4. Ketoreductase polypeptides as claimed in claim 3, described Ketoreductase polypeptides by corresponding SEQID NO:6,8,10,18,20,22,24,26,28,30,34,36,38,40,42,50,52,54,58,62,66,70,72,76,78, the aminoacid sequence of 80 or 134 forms.

5. Ketoreductase polypeptides as claimed in claim 1, 3-ketone group tetramethylene sulfide can be changed into (R)-3-hydroxy tetrahydro thiophene with the speed of the wild-type Ketoreductase polypeptides more than SEQ ID NO:4 by it, wherein said Ketoreductase polypeptides is by corresponding SEQ ID NO:6, 8, 10, 12, 14, 16, 18, 20, 22, 24, 26, 30, 32, 38, 40, 42, 44, 46, 48, 50, 52, 54, 56, 58, 60, 64, 66, 68, 70, 74, 76, 78, 80, 86, 88, 90, 92, 104, 106, 110, 112, 126, the aminoacid sequence composition of 130 or 134.

6. Ketoreductase polypeptides as claimed in claim 1, 3-ketone group tetramethylene sulfide Stereoselective excessively with the per-cent steric isomer of at least 95% can be reduced into (R)-3-hydroxy tetrahydro thiophene by it, the wild-type Ketoreductase polypeptides of itself and SEQ ID NO:4 contrasts, there is activity and the thermostability of improvement, and by corresponding SEQ ID NO:6, 8, 12, 14, 22, 24, 26, 30, 32, 38, 42, 44, 46, 50, 52, 56, 58, 60, 64, 66, 68, 70, 74, 76, 78, 80, 82, 86, 88, 90, 92, 104, 106, 110, the aminoacid sequence composition of 112 or 134.

7. polynucleotide, the Ketoreductase polypeptides of its coding according to any one in claim 1 to 6.

8. polynucleotide as claimed in claim 7, it is selected from by the following group formed: SEQ ID NO:5,7,9,11,13,15,17,19,21,23,25,27,29,31,33,35,37,39,41,43,45,47,49,51,53,55,57,59,61,63,65,67,69,71,73,75,77,79,81,83,85,87,89,91,93,95,97,99,101,103,105,107,109,111,113,115,117,119,121,123,125,127,129,131 and 133.

9. an expression vector, it comprises polynucleotide as claimed in claim 7 or 8, and described polynucleotide are operably connected to and are suitable for instructing at least one control sequence expressed in host cell.

10. a host cell, it comprises expression vector according to claim 9.

11. 1 kinds for substrate 3-ketone group tetramethylene sulfide Stereoselective being reduced into the method for product (R)-3-hydroxy tetrahydro thiophene, it comprises and described 3-ketone group tetramethylene sulfide and the Ketoreductase polypeptides described in any one in claim 1 to 6 is being applicable to contacting under the reaction conditions described 3-ketone group tetramethylene sulfide being reduced into described (R)-3-hydroxy tetrahydro thiophene.

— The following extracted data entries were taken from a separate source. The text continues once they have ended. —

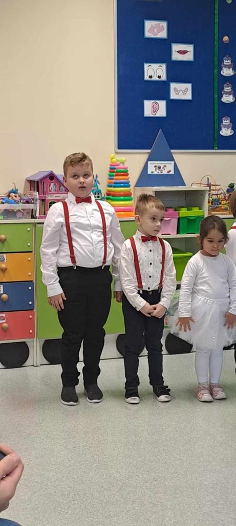 Nadszedł długo oczekiwany dzień. Dzieci z grup przedszkolnych wspólnie z wychowawczyniami panią Agnieszką i Emilią zaprosiły rodziców do przedszkola na montaż słowno- muzyczny.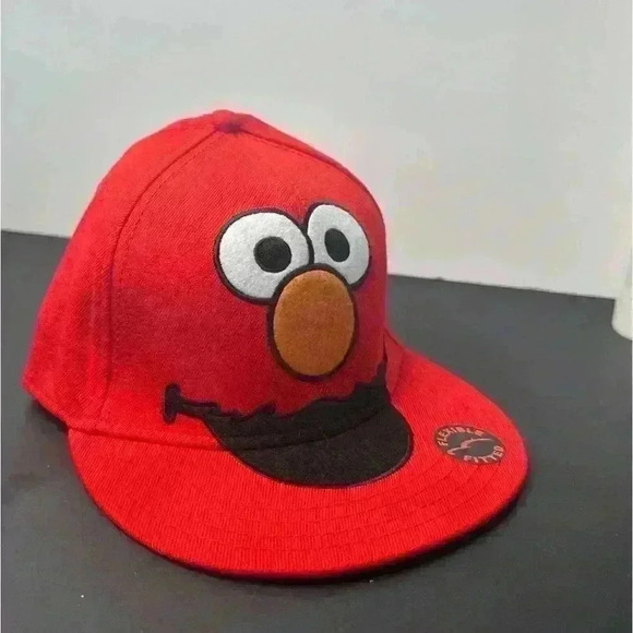 Sesame Street Elmo Embroidered Face Hat Cap Fitted Cap Small Red Wool Blend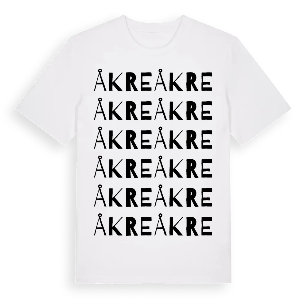 Åkre ordlek t-shirt är inspirerad av byn Åkre i Gävleborgs län, Sverige. Tröjan är designad för dig som har en speciell koppling till platsen – oavsett om du bor här, har rötterna här eller bara älskar Åkre.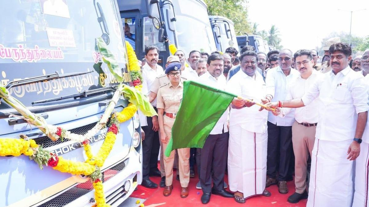 Transport Minister S.S. Sivasankar flags off the new CNG buses in Rameswaram on Wednsday.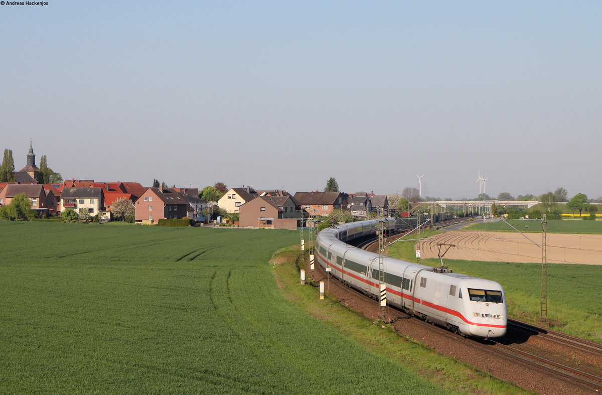 Nachschuss auf 402 036-8 "Jüterbog", als dieser am späten Nachmittag des 19.05.2020 als ICE 371 (Berlin Ostbahnhof - Basel Bad Bf) nördlich von Hügelheim über die Rheintalbahn durchs Markgräflerland in Richtung Schweiz fuhr. Tobias Schmidt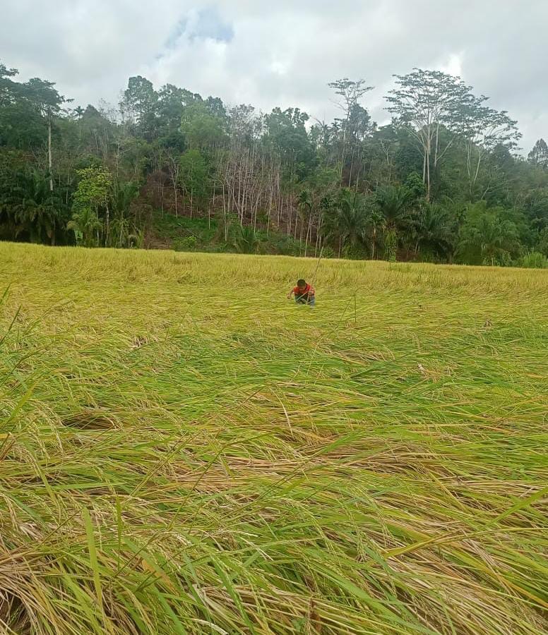 “Banjir terjadi pada Jumat sore 9 Januari kemarin. Belasan hektare padi masyarakat mengalami kerusakan. Padahal padi tersebut sudah memasuki masa panen,” tegas Saripudin.
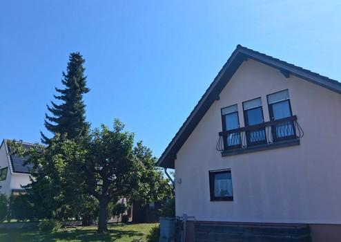 Weber Fertighaus aus dem Jahr 1979 mit Renovierungsbedarf. Das Haus steht auf einem 724m2 großen Grundstück mit altem Baumbestand und Gartenteich . Handwerker die sich hier verwirklichen wollen können sich hier ihr Traumhäuschen gestalten. Die Lage ist sehr ruhig und gemütlich, unweit der B3 . Nach Bad Krozingen sind es 5min , nach Freiburg 10 min mit dem Auto. Das Haus verfügt über eine Ölheizung und einen Kaminofen , die Heizung müßte ersetzt werden . Das Dachgeschoss ist nicht ausgebaut. Die Einliegerwohnung bietet zusätzlichen Wohnraum.

12. methods as claimed in claim 11, wherein 3-ketone group tetramethylene sulfide is excessively reduced into (R)-3-hydroxy tetrahydro thiophene by the steric isomer with at least 70%.

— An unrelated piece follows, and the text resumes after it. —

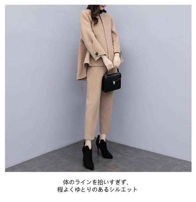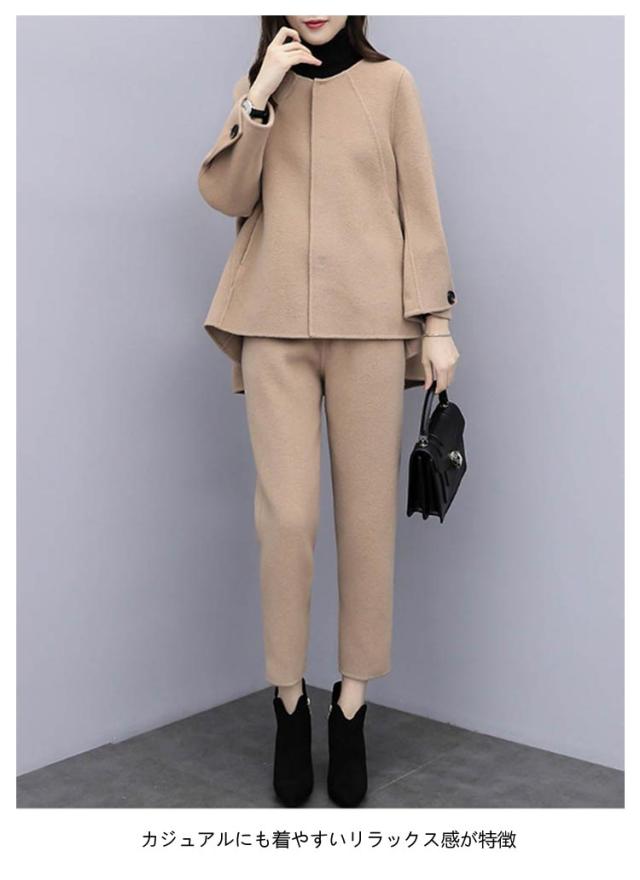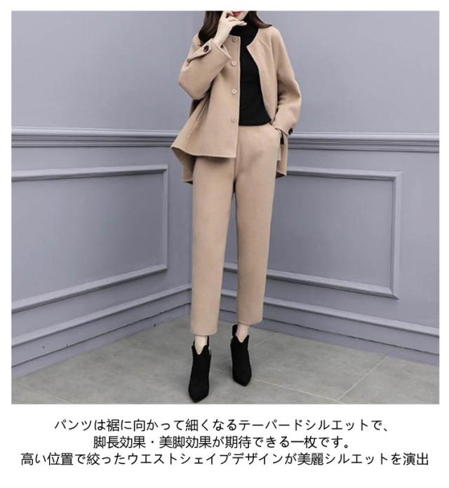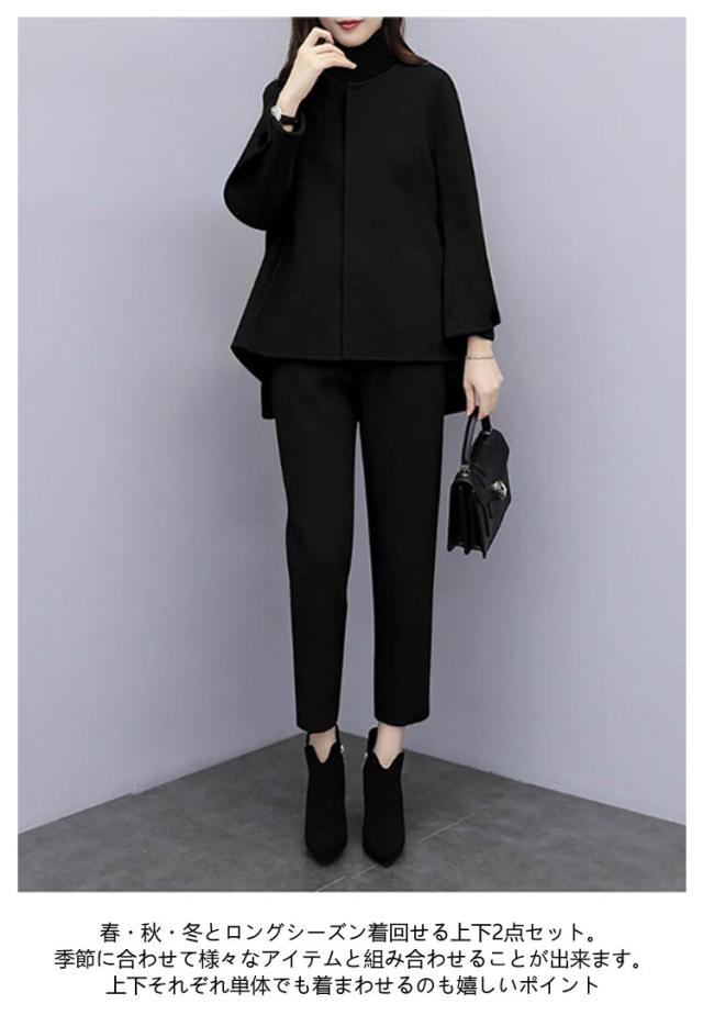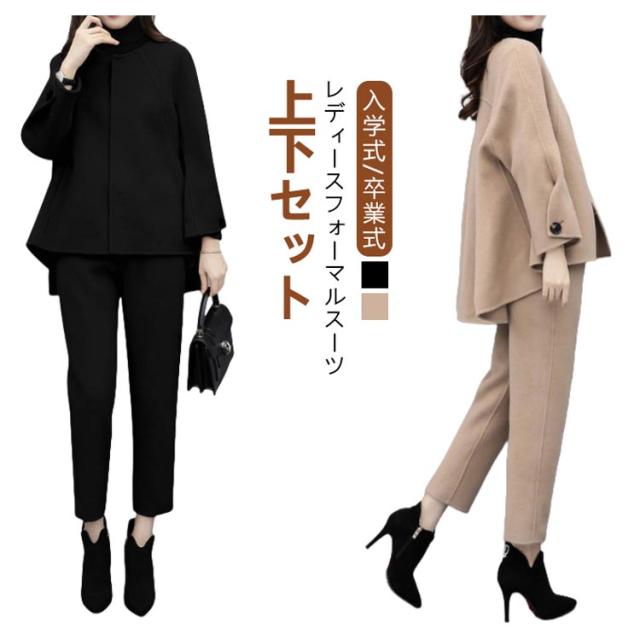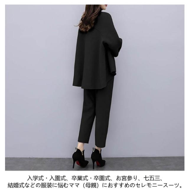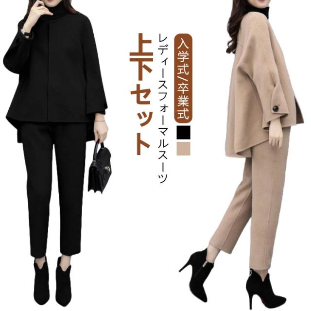 セットアップ 卒業式 スーツ 入学式 レディース フォーマルスーツ 母 卒園式 セレモニースーツ パンツスーツ ママ 上下セット ワイドパンツ 九分丈 結婚式 写真撮影 卒園式 入園式 テーラード ジャケット お出かけ 七五三 黒 ブラック キャメル

13. methods as claimed in claim 11, wherein 3-ketone group tetramethylene sulfide is reduced into (R)-3-hydroxy tetrahydro thiophene by so that at least 90% steric isomer is excessive.

14. methods as claimed in claim 11, wherein said 3-ketone group tetramethylene sulfide is excessively reduced into (R)-3-hydroxy tetrahydro thiophene by the steric isomer with at least 98%.

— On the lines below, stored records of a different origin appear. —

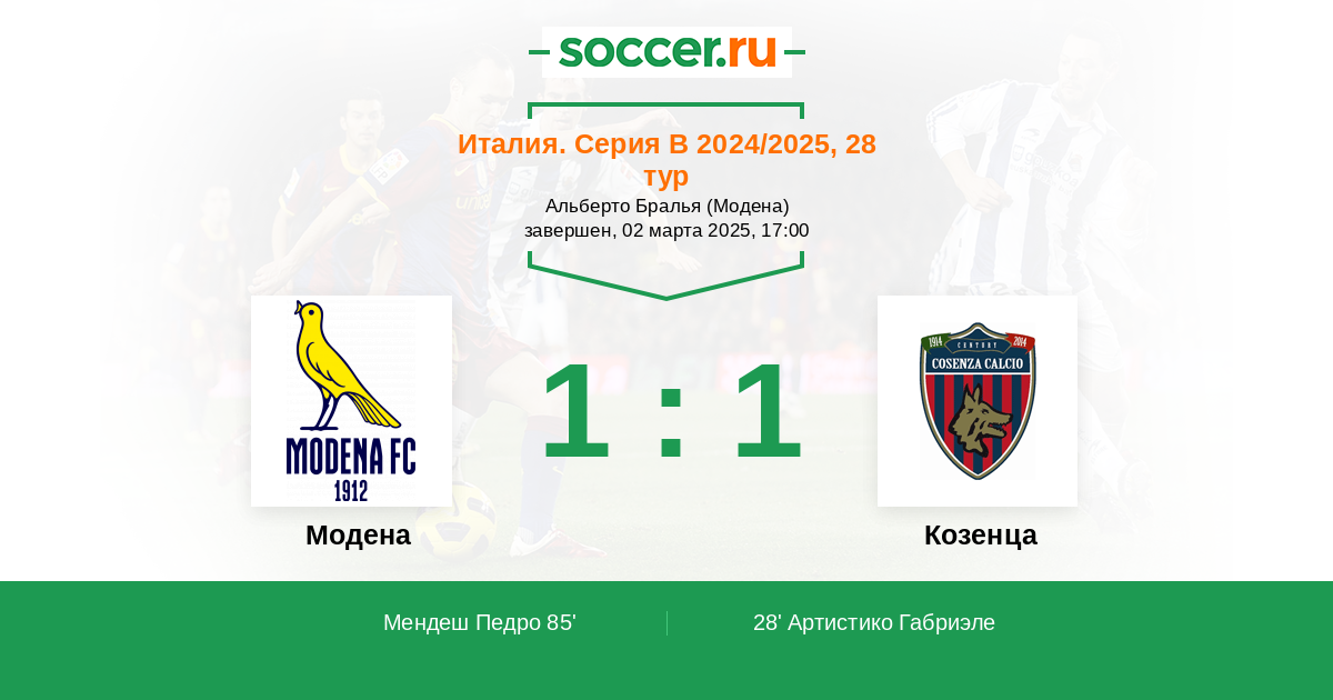 Протокол матча Модена против Козенца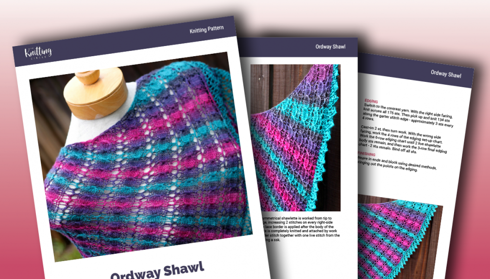 The Ordway Shawl by Corrina Ferguson is knit using one skein of a self-striping fingering weight yarn paired with a coordinating solid skein. It’s worked asymmetrically from tip to long edge with a simple applied edging worked after the triangle is finished. Perfect for self-striping or gradient yarns, the lace/cable rib pattern creates a strong diagonal against the stripes. This pattern would even be wonderful for using up leftovers - create your own stripe pattern!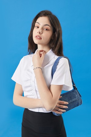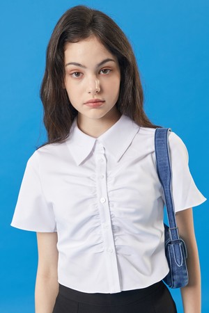 WOMEN 셔링 크롭 반팔 셔츠 [WHITE] 크롭티 반팔티 ver.
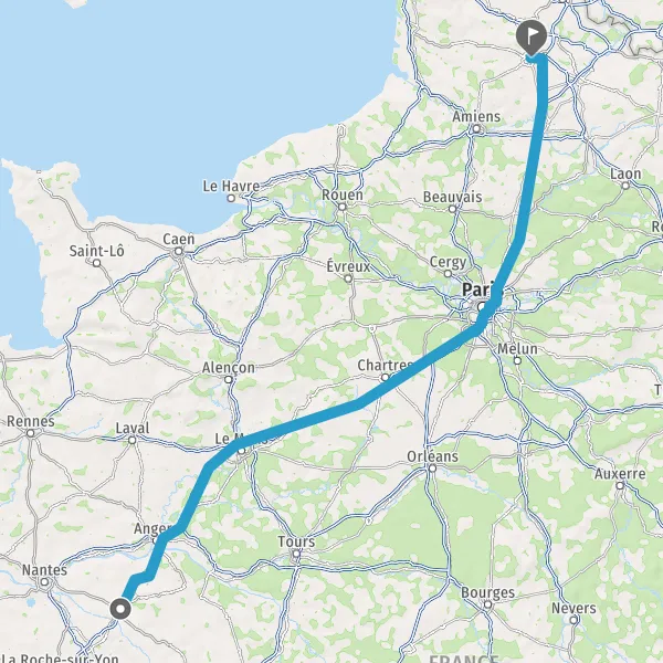 Prendre à droite et rejoindre A11 E60 E501. Continuer sur 234 kilomètres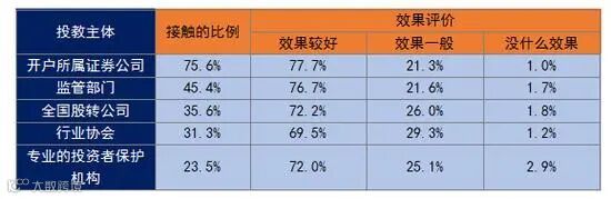 表 2:受调查新三板投资者接触相关投教主体的情况及对投教主体的评价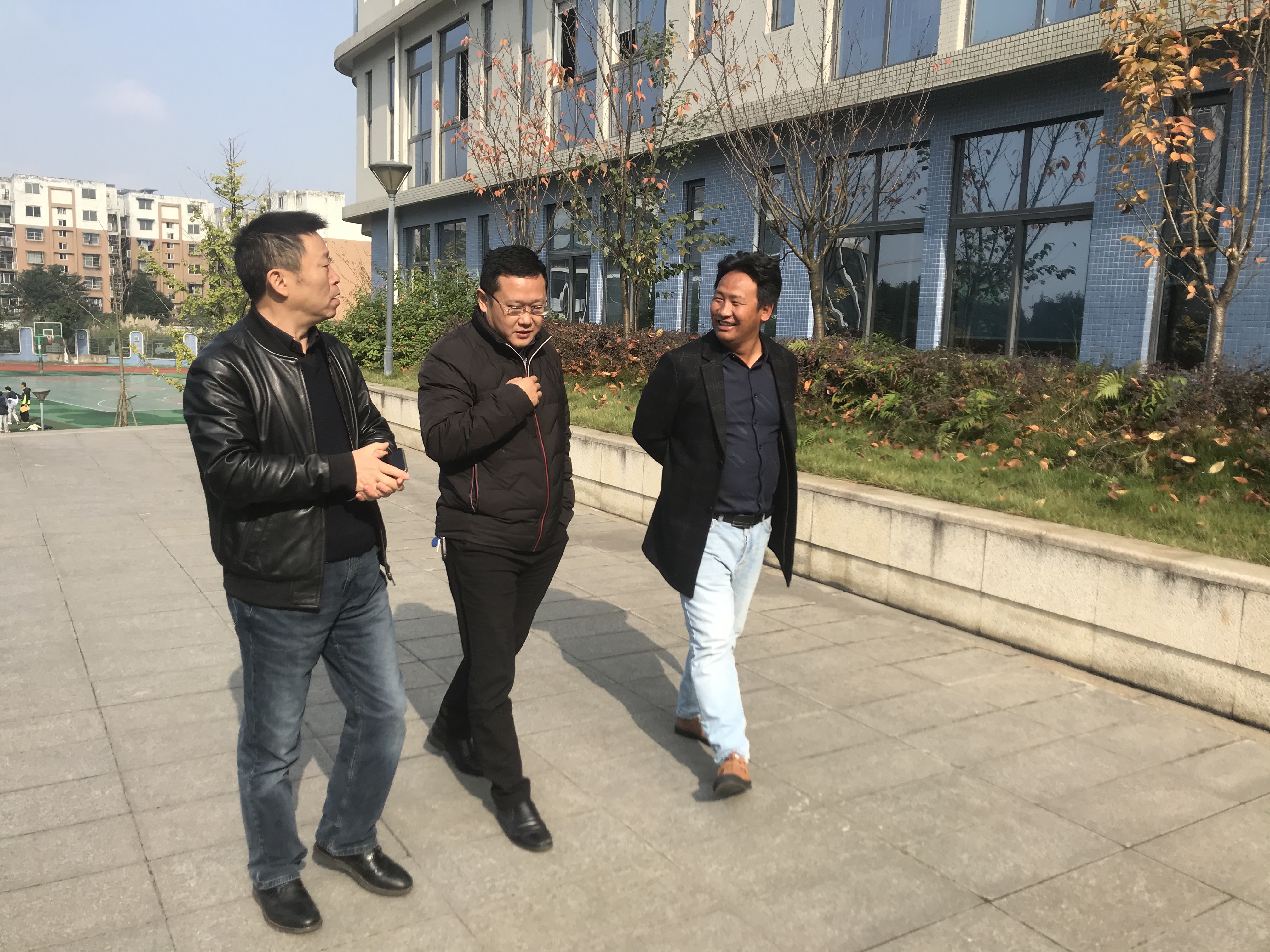 泡桐树中学杨超校长,赵东书记,陪同小昂翁泽仁校长一起参观了泡中校园,杨超校长带领昂校长参观了我校教学区,艺术楼,并介绍了我校校园文化的建设。

15. methods as claimed in claim 11, wherein said substrate is at least 100g/L, and the described substrate of at least 90% is converted to product being less than in 24 hours, wherein said Ketoreductase polypeptides is 0.8-1.0g/L, and is selected from by the following group formed: SEQ ID NO:6,8,10,12,14,18,20,22,24,26,30,32,38,40,42,44,46,48,50,52,54,56,58,60,64,66,68,70,74,76,78,80,82,86,88,90,92,104,106,110,112,126,130 and 134.

16. methods as claimed in claim 11, wherein said substrate is at least 100g/L, and the described substrate of at least 90% is converted to product being less than in 20 hours, wherein said Ketoreductase polypeptides is 0.8-1.0g/L, and be selected from by SEQ ID NO:26,44,68 and 104 groups formed.

17. method as claimed in claim 11, wherein said method is used for the antibiotic synthesis of structural formula (III):

18. 1 kinds of compositions, it comprises 3-ketone group tetramethylene sulfide and Ketoreductase polypeptides according to claim 1.